For someone whose business is only partially related to travel writing, I seem to be on the road a lot! Truth is, I also find lots of business stories, human interest stories, interesting people to profile etc. So it’s not all about travel. It’s just that I usually spread things out a bit more and don’t live out of a suitcase for six months like I have this year.

For part of my time in Vietnam, my laptop and I were separated. How, oh how could one leave their laptop (with their entire business) behind you may ask? It’s easy. The weird thing is that I conscientiously removed my camera from by backpack in order to slip in the laptop in the back compartment; dutifully removed the cord/converter from the wall/laptop and stowed it away in the front section; replaced my camera in its rightful place; turned on my heel and left the business centre at the last hotel we we staying at in Hanoi. Only,  my laptop remained on the desk. Not hard at all. Mercifully, with the intervention of a new Vietnamese friend, Hoang Tu Nam, a.k.a. “Larry, ” he was able to track it down in Hanoi and made arrangements to have it forwarded to Ho Chi Minh City where I retrieved it 12 days later.

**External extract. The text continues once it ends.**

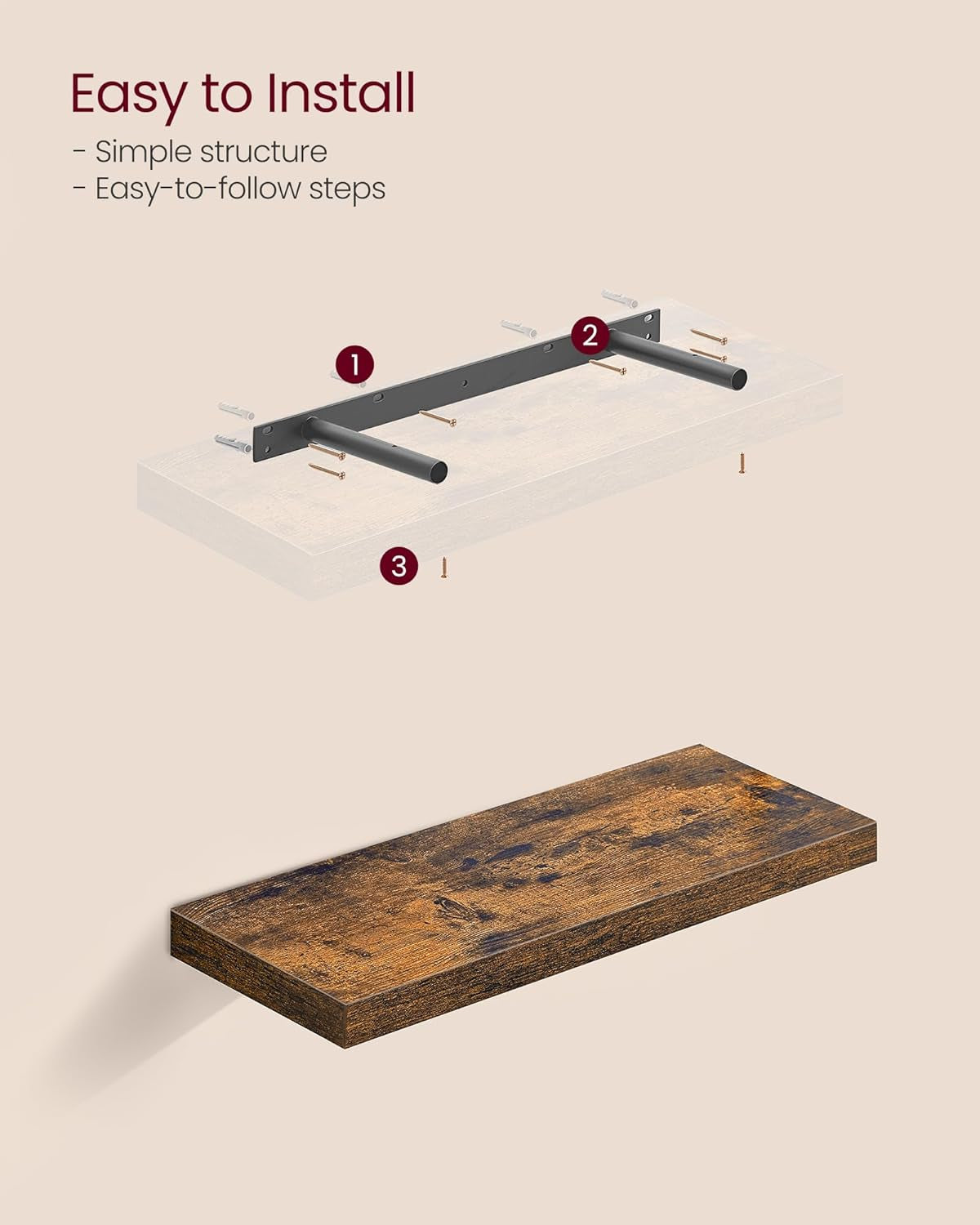 - [Fits Perfectly with Any Aesthetic] With its rustic brown surface and wood grain, this wall shelf exudes a touch of sophistication. Wherever it is placed—whether it's the living room, study, bedroom, hallway, or kitchen—it becomes a real eye-catcher

But oooh the memories of all those trips. And the stories! Now I am in a query/writing frenzy while trying to keep a handle on assignments that are due this month and next. I’m not complaining. I just need to find a way to eek out a few more hours a day.  I reckon that a 36-hour day would do nicely, especially if I only had to sleep for four or five hours.


As this blog is my playpen, and as work does come first, you can see how my posts have taken a back seat for many moons.

Sure hope I catch up before the snow flies as I yearn to have time to get  Author! Author! back up and running, my photo gallery updated, and time to post some random thoughts about the writing life in general, traveling, paddling … or nothing in particular.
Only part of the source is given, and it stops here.